ROCm / hipBLASLt

hipBLASLt is a library that provides general matrix-matrix operations with a flexible API and extends functionalities beyond a traditional BLAS library
https://rocm.docs.amd.com/projects/hipBLASLt/en/latest/index.html
MIT License
63 stars 89 forks source link

Enable test option for stream-k full tile or remainder tile #1249

Closed AlexBrownAMD closed 3 weeks ago

AlexBrownAMD commented 1 month ago

Re-enable environment variable that can be used to test the number of stream-k tiles that get run in a stream-k kernel.

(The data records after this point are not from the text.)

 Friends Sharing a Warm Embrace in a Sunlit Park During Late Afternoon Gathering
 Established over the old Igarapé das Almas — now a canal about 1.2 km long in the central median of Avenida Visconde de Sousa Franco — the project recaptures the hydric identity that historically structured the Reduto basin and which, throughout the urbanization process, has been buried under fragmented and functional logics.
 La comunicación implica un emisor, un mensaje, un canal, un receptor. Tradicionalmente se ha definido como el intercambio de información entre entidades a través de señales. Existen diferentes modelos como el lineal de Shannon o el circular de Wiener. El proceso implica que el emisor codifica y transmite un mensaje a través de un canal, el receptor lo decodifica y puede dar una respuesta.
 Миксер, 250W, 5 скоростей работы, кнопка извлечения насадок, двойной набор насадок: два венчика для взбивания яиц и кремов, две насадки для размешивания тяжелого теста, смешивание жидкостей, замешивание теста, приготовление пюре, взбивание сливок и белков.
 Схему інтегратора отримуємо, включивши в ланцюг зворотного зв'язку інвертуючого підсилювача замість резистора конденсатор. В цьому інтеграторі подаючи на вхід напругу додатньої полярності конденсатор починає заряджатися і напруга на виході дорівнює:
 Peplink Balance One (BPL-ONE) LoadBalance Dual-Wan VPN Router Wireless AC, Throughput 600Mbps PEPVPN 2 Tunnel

The default (in 2-tile algorithm) is to run all remainder tiles + 1 extra tile per workgroup. This ensures cases like remainder=1 are not split across a large number of workgroups. But for cases when remainder tiles is large (ie: remainder = WGs - 1), it is generally faster to run only the remainder tiles rather than remainder + #WGs. This way it will run more tiles in data-parallel and improve memory alignment.

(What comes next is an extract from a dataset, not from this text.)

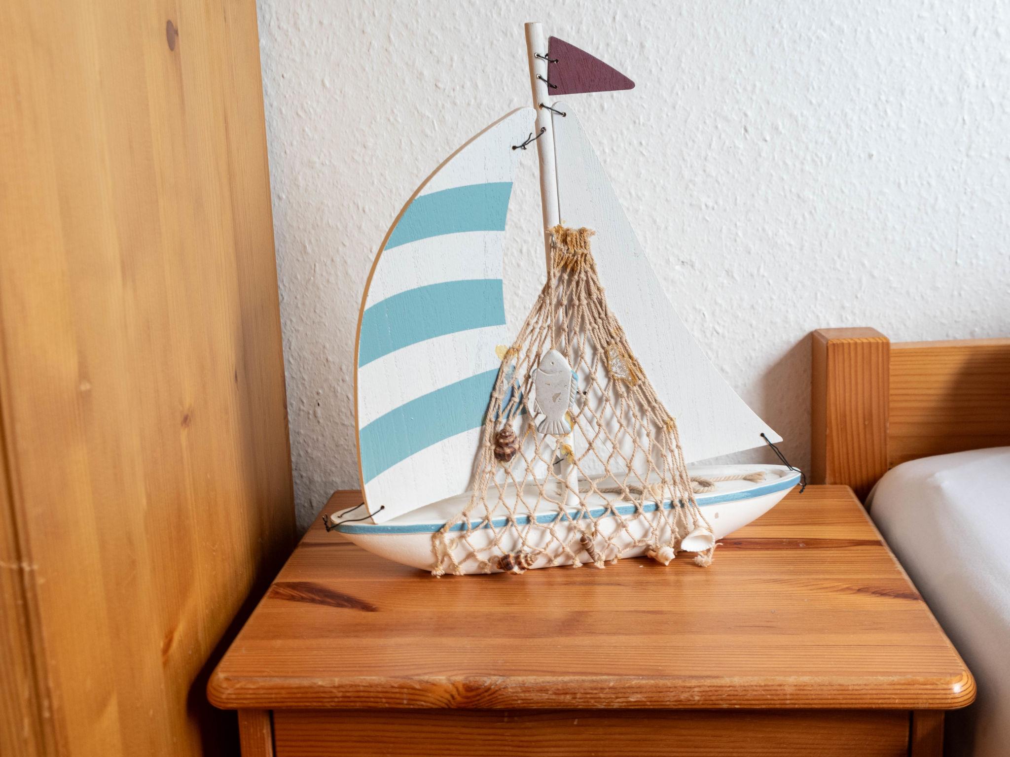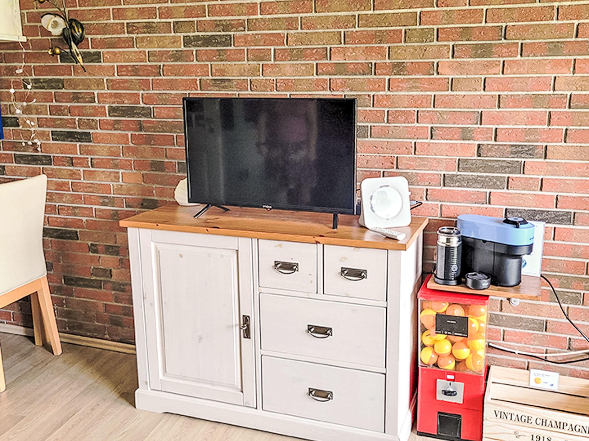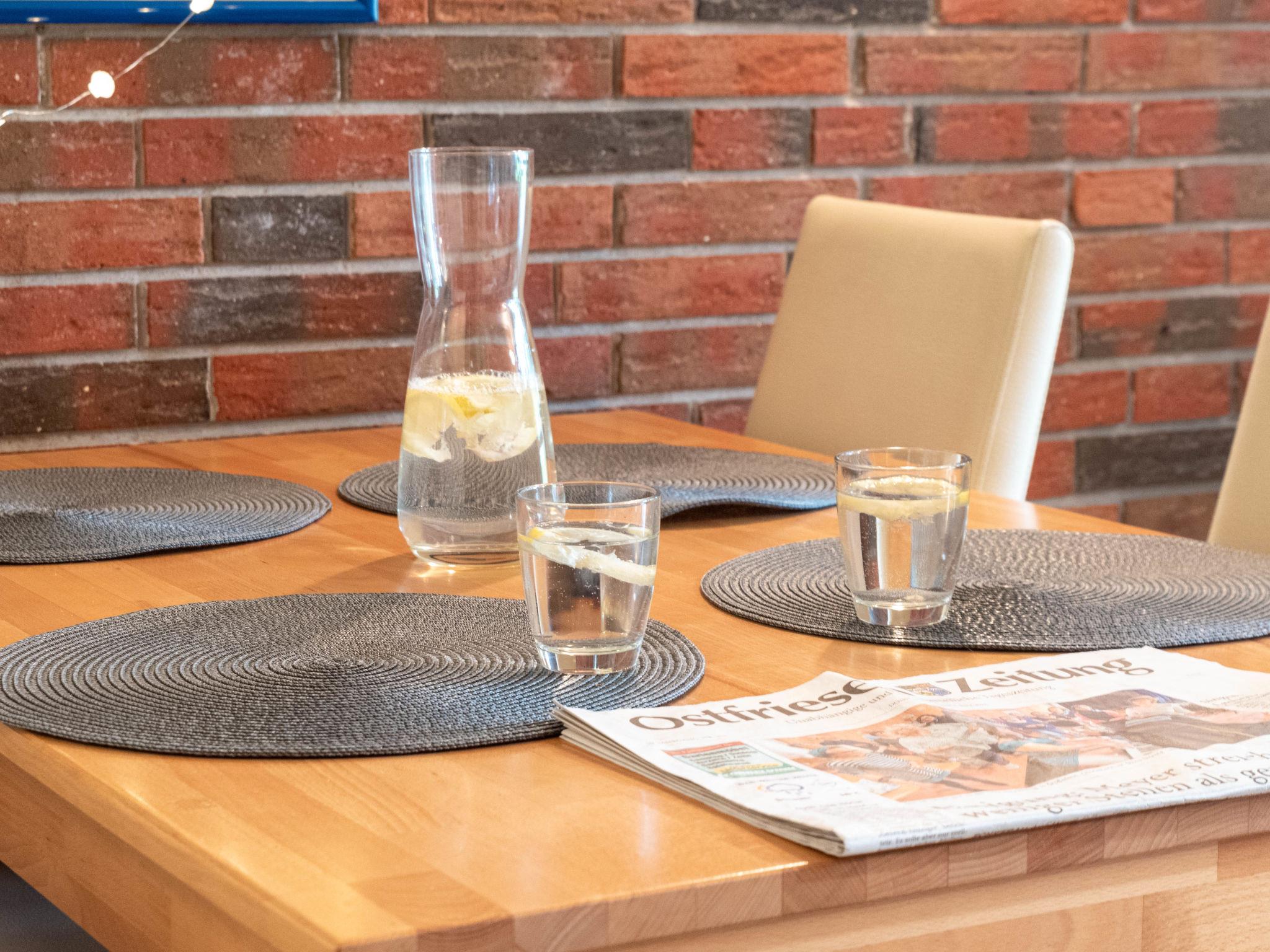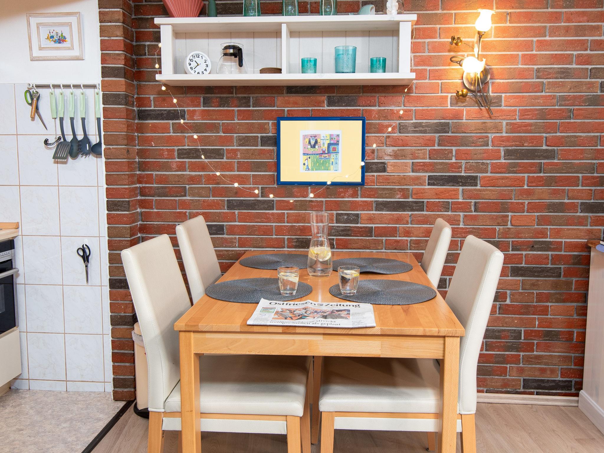 "Klaffmuschel", 3-room terraced house 50 m2, on the ground floor. Beautiful and tasteful furnishings: living/dining room 18 m2 with satellite TV (flat screen), CD-player and DVD. Exit to the terrace. 1 room 8 m2 with 1 double bed (2 x 90 cm, length 200 cm). 1 room 7 m2 with 2 beds (90 cm, length 200 cm). Kitchenette (oven, dishwasher, 4 ceramic glass hob hotplates, toaster, kettle, electric coffee machine, Capsules for coffee machine (Nespresso Vertuo) extra). Shower/WC. Terrace 8 m2. Terrace furniture. Facilities: children's high chair (extra). Internet (WiFi, free). Please note: non-smoking house. Smoke alarm. The double room has a smart projector with TV function.

This change adds an environment variable that allows the user to override the number of stream-k tiles selected. I developed a prediction model to select the best setting automatically, but that still needs to be ported from Tensile in a future change (this PR is just a first step to allow some experiments to run).

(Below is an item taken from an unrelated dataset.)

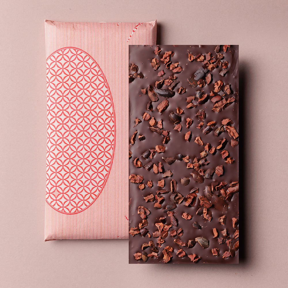 口の中で食感、香り、苦みなどカカオ豆本来の味わいがさらに楽しめるおすすめの逸品。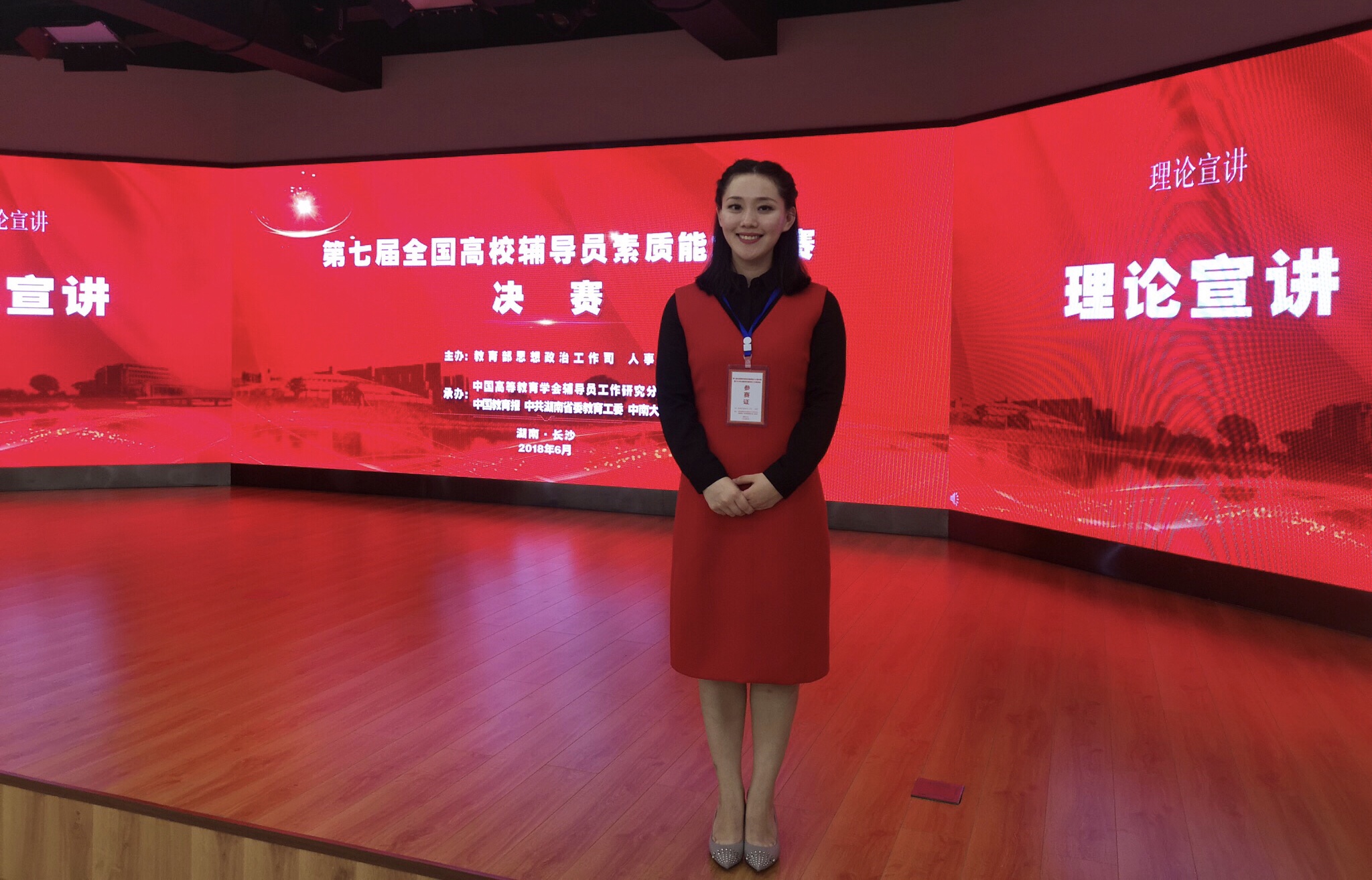 6月23—24日,第七届全国高校辅导员素质能力大赛决赛在中南大学举行,我校纺织学院辅导员魏金婷以优异的成绩荣获二等奖。本次决赛竞争异常激烈,汇聚了来自全国各高校的78名优秀选手。该赛事是全国高校辅导员系统最高层次的素质能力竞赛平台,是对辅导员理论水平和实践能力的全面检验。比赛设有两个阶段,第一阶段为笔试,包括基础知识测试和网文写作、案例分析;第二阶段包括谈心谈话、理论宣讲。两个阶段既有对辅导员相关知识掌握程度、运用相关学科知识和方法开展大学生思想政治教育、解决实际问题的技巧与能力的测试,也有对马克思主义理论、习近平新时代中国特色社会主义思想的理解、宣传与阐释能力的考察。

TENSILE_STREAMK_FULL_TILES=0 (runs remainder only) TENSILE_STREAMK_FULL_TILES=1 (default, runs remainder + #WGs) TENSILE_STREAMK_FULL_TILES=[large number] (can be used to make a 2-tile kernel double as basic algorithm, ie StreamK=1)

AlexBrownAMD commented 1 month ago

should we modify the description of TENSILE_STREAMK_FULL_TILES in Common.py?

Good call, just posted an update with how it currently works in hipBLASLt repo.